This year the Nobel Prize in Physiology or Medicine was awarded to Yoshinori Ohsumi, a Japanese biologist who discovered autophagy—the process used by cells to clean and recycle their components. Group Leader Antonio Zorzano studies autophagy in his research at IRB Barcelona, and explains why it is such a key discovery in an interview published in La Vanguardia.
What is autophagy and how does it work?
Autophagy is a process that takes place in all cells, from yeast to human cells. It’s responsible for renewing cell machinery and it’s a perfect recycling system: everything that is damaged or that doesn’t work properly is broken down. Basic molecules are regenerated so that new components can be synthesised. It’s a system that recognises cell organelles that are not working. The defective parts are covered by a double membrane to form a vesicle known as an autophagosome. Next, this vesicle fuses to a lysosome, an organelle that holds an arsenal of enzymes capable of breaking down organic molecules into their most basic components, such as amino acids and monosaccharides.

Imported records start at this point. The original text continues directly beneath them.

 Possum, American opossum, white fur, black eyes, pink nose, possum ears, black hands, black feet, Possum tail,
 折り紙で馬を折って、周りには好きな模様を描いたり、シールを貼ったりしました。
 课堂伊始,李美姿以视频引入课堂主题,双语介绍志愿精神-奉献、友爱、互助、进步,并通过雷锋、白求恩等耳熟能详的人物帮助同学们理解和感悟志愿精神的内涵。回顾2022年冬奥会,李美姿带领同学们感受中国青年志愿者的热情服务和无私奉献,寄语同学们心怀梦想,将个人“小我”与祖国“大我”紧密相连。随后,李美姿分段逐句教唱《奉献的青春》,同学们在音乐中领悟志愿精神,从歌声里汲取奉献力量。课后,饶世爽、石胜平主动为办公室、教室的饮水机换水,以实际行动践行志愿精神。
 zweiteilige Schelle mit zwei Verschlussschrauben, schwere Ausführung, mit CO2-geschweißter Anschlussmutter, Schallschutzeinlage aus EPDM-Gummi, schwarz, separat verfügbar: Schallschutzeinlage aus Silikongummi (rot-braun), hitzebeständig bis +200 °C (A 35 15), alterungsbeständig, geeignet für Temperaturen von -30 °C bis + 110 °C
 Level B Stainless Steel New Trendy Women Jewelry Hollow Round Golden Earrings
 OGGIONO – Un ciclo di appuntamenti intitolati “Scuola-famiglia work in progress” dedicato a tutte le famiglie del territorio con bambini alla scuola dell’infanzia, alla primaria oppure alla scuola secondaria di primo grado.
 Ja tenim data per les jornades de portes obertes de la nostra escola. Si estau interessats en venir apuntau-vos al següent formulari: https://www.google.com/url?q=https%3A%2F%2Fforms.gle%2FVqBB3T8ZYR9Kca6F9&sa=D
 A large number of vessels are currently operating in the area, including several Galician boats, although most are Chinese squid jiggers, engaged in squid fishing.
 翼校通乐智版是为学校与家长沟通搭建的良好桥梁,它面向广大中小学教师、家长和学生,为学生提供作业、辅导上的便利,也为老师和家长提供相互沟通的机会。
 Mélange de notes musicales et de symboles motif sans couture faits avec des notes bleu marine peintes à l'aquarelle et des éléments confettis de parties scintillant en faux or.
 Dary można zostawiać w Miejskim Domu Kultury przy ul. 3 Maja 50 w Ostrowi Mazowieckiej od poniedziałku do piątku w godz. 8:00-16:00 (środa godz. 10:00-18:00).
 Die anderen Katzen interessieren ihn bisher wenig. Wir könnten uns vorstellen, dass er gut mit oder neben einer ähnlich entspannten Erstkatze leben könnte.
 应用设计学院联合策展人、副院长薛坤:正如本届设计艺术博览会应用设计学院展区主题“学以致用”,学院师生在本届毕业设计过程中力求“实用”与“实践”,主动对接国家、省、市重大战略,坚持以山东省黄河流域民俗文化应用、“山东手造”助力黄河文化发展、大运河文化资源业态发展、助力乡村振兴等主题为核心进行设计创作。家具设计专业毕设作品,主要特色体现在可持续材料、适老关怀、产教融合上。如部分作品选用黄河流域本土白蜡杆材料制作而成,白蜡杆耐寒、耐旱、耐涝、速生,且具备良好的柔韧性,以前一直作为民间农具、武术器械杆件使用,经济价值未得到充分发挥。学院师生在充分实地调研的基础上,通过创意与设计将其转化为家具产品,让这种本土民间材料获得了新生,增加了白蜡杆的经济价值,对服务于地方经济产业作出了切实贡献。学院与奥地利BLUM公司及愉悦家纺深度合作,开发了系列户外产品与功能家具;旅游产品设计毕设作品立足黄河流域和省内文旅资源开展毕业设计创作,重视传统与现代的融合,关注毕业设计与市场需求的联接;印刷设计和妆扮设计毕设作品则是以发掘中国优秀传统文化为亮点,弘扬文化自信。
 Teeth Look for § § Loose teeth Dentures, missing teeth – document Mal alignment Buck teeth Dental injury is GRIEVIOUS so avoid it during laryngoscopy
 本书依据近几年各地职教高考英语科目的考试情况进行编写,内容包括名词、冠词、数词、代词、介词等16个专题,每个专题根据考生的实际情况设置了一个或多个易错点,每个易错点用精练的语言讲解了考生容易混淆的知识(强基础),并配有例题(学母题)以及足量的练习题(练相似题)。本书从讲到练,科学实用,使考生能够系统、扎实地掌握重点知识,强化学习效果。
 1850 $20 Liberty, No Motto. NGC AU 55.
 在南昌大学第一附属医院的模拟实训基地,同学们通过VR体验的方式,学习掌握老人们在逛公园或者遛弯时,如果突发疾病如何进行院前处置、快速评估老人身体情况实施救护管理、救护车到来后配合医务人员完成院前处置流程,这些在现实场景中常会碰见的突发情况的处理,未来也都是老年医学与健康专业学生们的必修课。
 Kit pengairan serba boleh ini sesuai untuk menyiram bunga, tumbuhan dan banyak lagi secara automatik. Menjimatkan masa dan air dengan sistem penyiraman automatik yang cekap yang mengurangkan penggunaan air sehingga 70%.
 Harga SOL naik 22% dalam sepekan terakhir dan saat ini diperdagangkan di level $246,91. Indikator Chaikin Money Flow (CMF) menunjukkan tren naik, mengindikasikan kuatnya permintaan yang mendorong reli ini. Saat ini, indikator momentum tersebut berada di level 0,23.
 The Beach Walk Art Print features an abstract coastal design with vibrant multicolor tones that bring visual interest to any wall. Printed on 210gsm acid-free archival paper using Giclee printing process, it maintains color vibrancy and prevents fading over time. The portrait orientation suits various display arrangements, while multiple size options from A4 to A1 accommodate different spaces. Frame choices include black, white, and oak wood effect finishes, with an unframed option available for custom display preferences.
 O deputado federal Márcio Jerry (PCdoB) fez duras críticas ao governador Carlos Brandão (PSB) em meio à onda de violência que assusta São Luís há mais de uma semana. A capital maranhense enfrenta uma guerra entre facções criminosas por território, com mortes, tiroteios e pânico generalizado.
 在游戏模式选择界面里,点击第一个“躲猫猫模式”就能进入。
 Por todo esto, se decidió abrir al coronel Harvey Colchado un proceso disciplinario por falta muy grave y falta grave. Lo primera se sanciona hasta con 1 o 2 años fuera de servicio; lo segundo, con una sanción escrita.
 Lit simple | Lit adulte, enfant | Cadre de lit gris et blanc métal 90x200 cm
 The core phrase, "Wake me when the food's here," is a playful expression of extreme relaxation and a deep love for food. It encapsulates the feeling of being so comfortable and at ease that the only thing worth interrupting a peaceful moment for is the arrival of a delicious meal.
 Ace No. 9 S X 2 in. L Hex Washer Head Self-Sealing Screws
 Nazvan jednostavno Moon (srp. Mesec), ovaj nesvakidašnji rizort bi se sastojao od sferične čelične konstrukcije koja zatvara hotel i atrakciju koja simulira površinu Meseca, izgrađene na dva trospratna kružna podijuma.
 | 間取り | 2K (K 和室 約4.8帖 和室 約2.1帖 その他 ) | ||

Why is this process important?
This process is crucial for correct cell function. For example, it allows muscle cells to contract and the pancreas to secrete insulin. Cells need autophagy to degrade deficient components and regenerate new ones.
When autophagy doesn't work properly, the cell often dies. In the pluricellular world, in people and animals, the impairment of autophagy can lead to diseases. Today, the enormous relevance of autophagy lies in its association with serious human diseases, such as type 2 diabetes, obesity, cancer and neurodegenerative conditions like Parkinson’s disease. We hope that studies into autophagy will help to find treatments against these diseases. In fact, leading pharmaceutical companies have started projects to identify compounds that can modulate autophagic activity.
What is the story behind the discovery of this process?
Scientists first start to study autophagy in the 1960s or earlier, and even in the 1990s, our knowledge about autophagy was still quite inaccurate. Ohsumi was able to identify the mechanisms of autophagy in a cell as simple as yeast. It turned out that the genes he discovered in yeast are also present in humans. How lucky is that? This led Ohsumi to map autophagic genes both in yeast and in humans.
How did you get into studying autophagy?
In my case, results led me to it. Our group studies why obesity and type 2 diabetes occur and why some people are more susceptible to these conditions than others. Some years ago we cloned a gene that is deregulated in the muscle of diabetic patients, and it turned out that it was an autophagic gene. For the last ten years, we have been studying how this gene participates in cell metabolism.